そして振り返ってみれば、通って来た扉は消えている。決着が付くまでは、誰一人逃がさない。この場所自体がそう言っているかのように、私たちは閉じ込められた。
「実はここ……私が目覚めた場所なんです」
「ここで?」
「何でこんな場所なのかなって、不思議に思ってました。でも今は、これが私のやるべきことだったのかなって。そんな気もしてます」
戦う為に生まれた、という意味だろうか。私たちの存在意義を兵器としてのみ考えるならば、それはその通りだ。しかし私よりずっと豊かな心を持っているメティスがそう言うのは、極めて不自然なことに思えた。
やがて向かいの扉が開かれ、外から白い光が入り込んできた。その中から二人の人影が現れた。真田さんと天田さんだった。二人とも場所の装いに驚いたようで、歩きながら周囲にゆっくりと視線を送っている。
「なるほどな。

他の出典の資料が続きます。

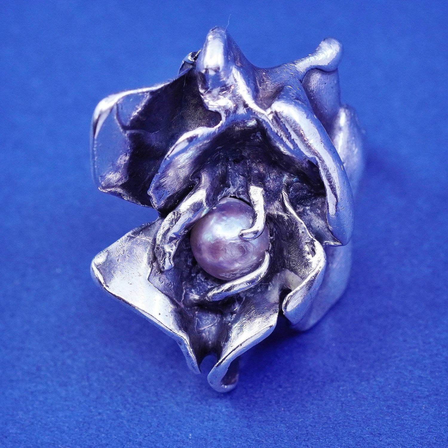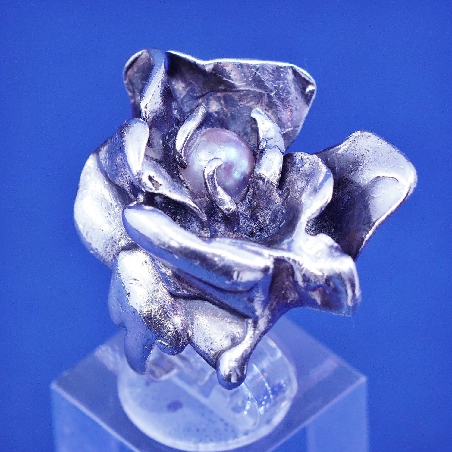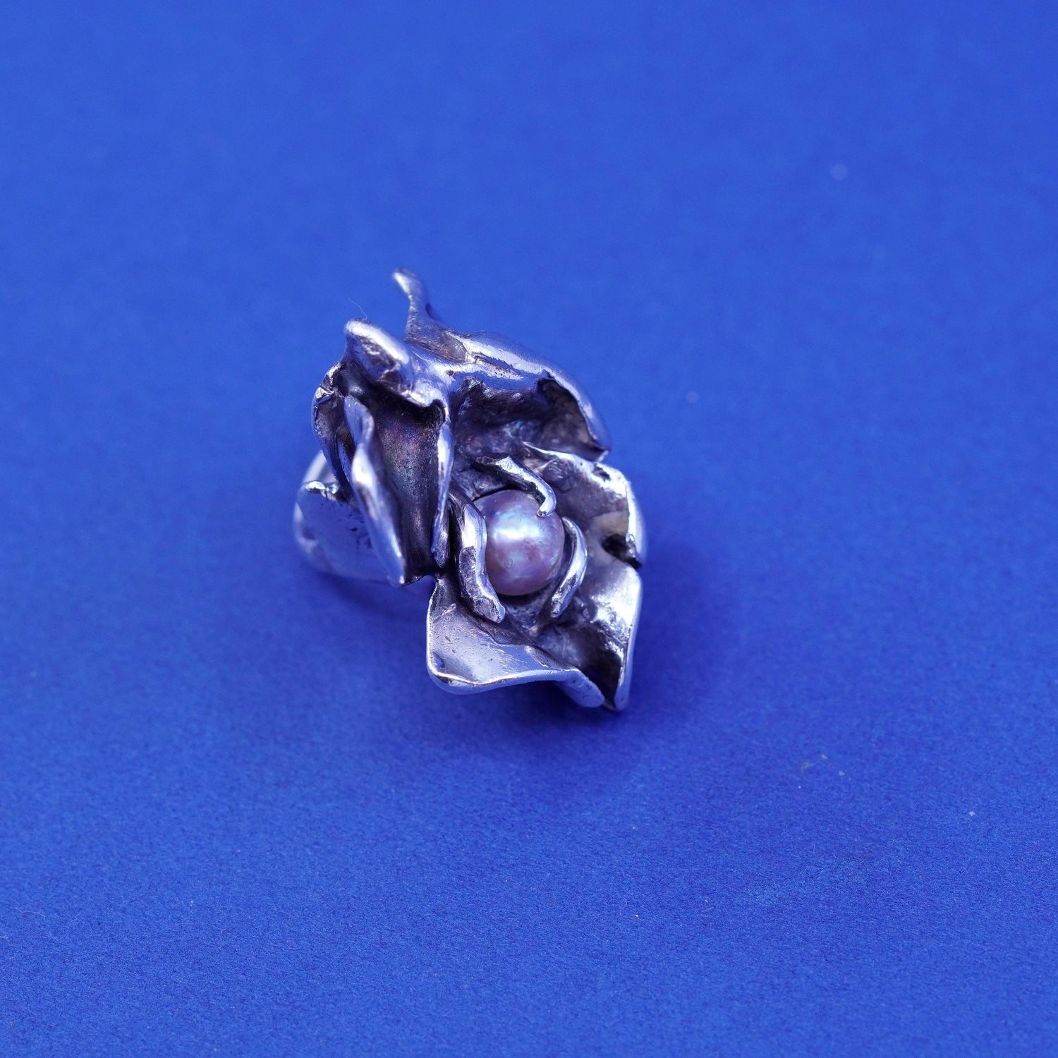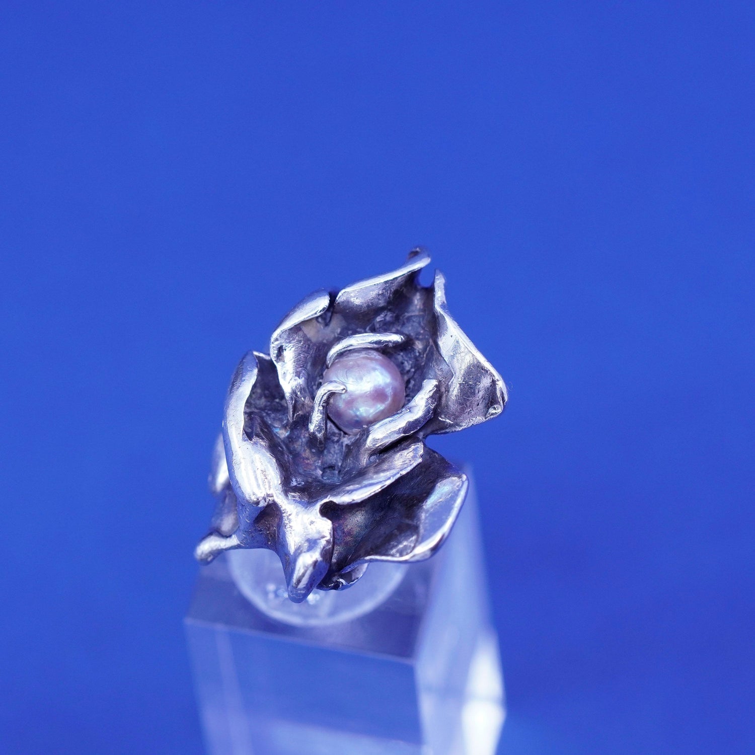 Size 3.25, vintage Sterling Silver Israel, handmade ring with pearl, silver tested

確かに、こういうことの決着には相応しそうな場所だ」
言いながら、真田さんと天田さんは視線を周囲から私たちに固定してきた。決闘のように対峙しながら、二人の表情は平静だった。激昂した先ほどの話し合いの時より、ずっと落ち着いていた。そして不思議なことを言ってきた。

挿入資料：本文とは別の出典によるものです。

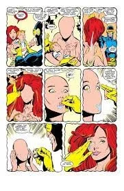 This vision of Madelyne's dismantling handily sums up her experience within the X-Men Franchise itself: she and Jean are in complementary distribution. As the title of the trade paperback collecting the stories in which Mastermind convinces the X-Men that Madelyne is actually Jean (From the Ashes), she is all that could be rescued from Phoenix's funeral pyre, until suddenly, she isn't. What could be a better sign of her secondary status than the cannibalization of every one of her features as part of a project to rebuild Jean Grey? She began as the embodied likeness of a character whose absence left a significant hole in the franchise, and now she has to give that likeness back.

「気分的には美鶴の組と最初にやりたかったが……仕方がない」
どうしてそう思うのだろうか。確かに真田さんは美鶴さんと主張は食い違っているが、皆さんの中で最も付き合いの長い美鶴さんとどうして戦いたがるのか。むしろ避けたいと思うのが自然ではないのか。近頃頻繁に湧き上がる疑問は、こんな時でも休むことを知らなかった。私の思考は解を探して動き始めたが、すぐに中断された。
「アイギス! 真田先輩!」
横合いから風花さんが走ってやって来た。連れの人はおらず、一人だけだ。そう言えば風花さんはどうしたいのか、ラウンジでは何も主張していなかった。その点では私と同じだが――
「彼女は中立に両方をバックアップすることで構いませんか?」
「そんな……!」
メティスの提案に、風花さんは困ったようだ。それではまるで両方を煽るかのようだから。しかしそんな風花さんの困惑を、真田さんは遮った。相も変わらず平静な口調で。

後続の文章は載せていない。